I am learning Python recently, and I am also learning how to use python to capture data, so I discovered Scrapy, a very popular Python crawling framework. Let’s learn the architecture of Scrapy to make better use of this tool.
1. Overview
The following figure shows the general architecture of Scrapy, which includes its main components and the data processing process of the system (the green arrow indicates Show). Let’s explain the role of each component and the data processing process one by one.
2. Components
1. Scrapy Engine
The Scrapy engine is used to control the data processing process of the entire system and trigger transaction processing. For more details, please see the data processing process below.
2. Scheduler (Scheduling)
The scheduler accepts requests from the Scrapy engine and sorts them into the queue, and after the Scrapy engine sends the request Return it to them.
3. Downloader
The main responsibility of the downloader is to crawl web pages and return web content to Spiders. .
4. Spiders
Spiders are defined by Scrapy users themselves to parse web pages and crawl the content returned by the specified URL. Class, each spider can handle a domain name or a group of domain names. In other words, it is used to define the crawling and parsing rules for a specific website.
The entire crawling process (cycle) of the spider is as follows:
1). First get the initial request for the first URL, and call a callback function when the request returns. The first request is made by calling the start_requests() method. This method generates requests from the Url in start_urls by default and performs parsing to call the callback function.
2).In the callback function, you can parse the web page response and return an iteration of the item object, request object, or both. These requests will also include a callback, then be downloaded by Scrapy and then handled with the specified callback.
3). In the callback function, you parse the content of the website, using the Xpath selector (but you can also use BeautifuSoup, lxml or any other program you like), and generate parsed data items.
4).Finally, projects returned from spiders usually go to the project pipeline.
5. Item Pipeline
The main responsibility of the project pipeline is to process the items extracted from the web page by spiders. project, his main task is to clarify, verify and store data. When the page is parsed by the spider, it will be sent to the project pipeline and the data will be processed through several specific sequences. The components of each project pipeline are Python classes with a simple method.
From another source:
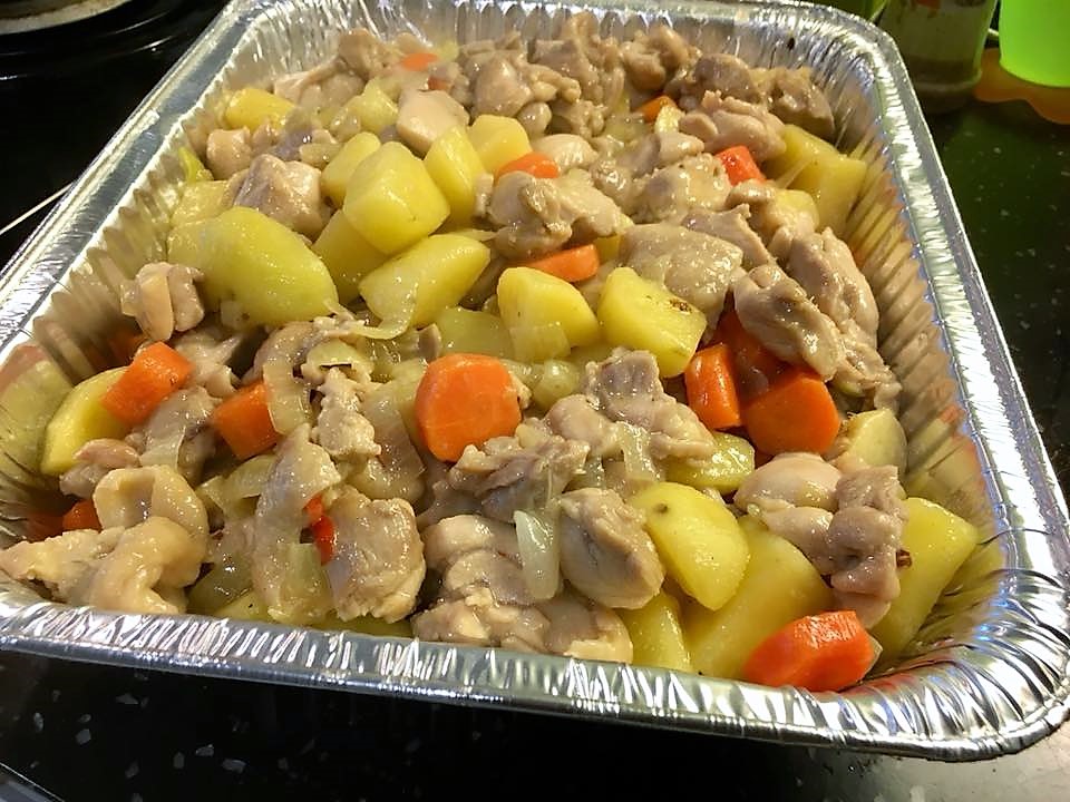 & voila – a tasty dish of wine chicken with potatoes & carrots for teban gardens! ^^

They acquire the project and execute their approach, but they also need to determine whether they need to continue to the next step in the project pipeline or discard it without processing.
The project pipeline usually performs the following processes:
1). Clean HTML data
2). Verify the parsed data (check whether the project contains necessary fields)
3 ). Check whether it is duplicate data (delete it if duplicated)
4). Store the parsed data in the database
6. Downloader middlewares Middleware)
Download middleware is a hook framework located between the Scrapy engine and the downloader. It mainly handles requests and responses between the Scrapy engine and the downloader. It provides a custom code way to extend Scrapy's functionality. The download broker is a hook framework that handles requests and responses. It is a lightweight, low-level system that enjoys global control over Scrapy.
7. Spider middlewares (Spider middleware)
Spider middleware is a hook framework between the Scrapy engine and the spider. It mainly The job is to process the spider's response input and request output. It provides a way to extend Scrapy's functionality with custom code. Spider middleware is a framework that hooks into Scrapy's spider processing mechanism. You can insert custom code to handle requests sent to spiders and return response content and items obtained by spiders.
8. Scheduler middlewares (Scheduling middleware)
Scheduling middleware is the middleware between the Scrapy engine and scheduling, mainly Work is done by sending requests and responses from the Scrapy engine to the scheduler. He provides a custom code to extend Scrapy's functionality.
3. Data processing process
The entire data processing process of Scrapy is controlled by the Scrapy engine, and its main operation mode is:
The engine opens a domain name, the spider processes the domain name, and lets the spider obtain the first crawled URL.
The engine obtains the first URL that needs to be crawled from the spider, and then schedules it as a request in the schedule.
The engine obtains the next page to crawl from the scheduler.
The schedule returns the next crawled URL to the engine, and the engine sends them to the downloader through the download middleware.
When the web page is downloaded by the downloader, the response content is sent to the engine through the download middleware.
The engine receives the response from the downloader and sends it to the spider through the spider middleware for processing.
The spider processes the response and returns the crawled items, and then sends a new request to the engine.
The engine will capture the project pipeline and send a request to the scheduler.
The system repeats the operations following the second step until there are no requests in the schedule, and then disconnects the engine from the domain.
4. Driver
Scrapy is a popular Python event-driven network framework written by Twisted. It uses non-blocking asynchronous processing.
The above is the entire content of this article. I hope it will be helpful to everyone's learning, and I also hope that everyone will subscribe to the PHP Chinese website.
For more articles related to the architecture of Scrapy, the Python crawling framework, please pay attention to the PHP Chinese website!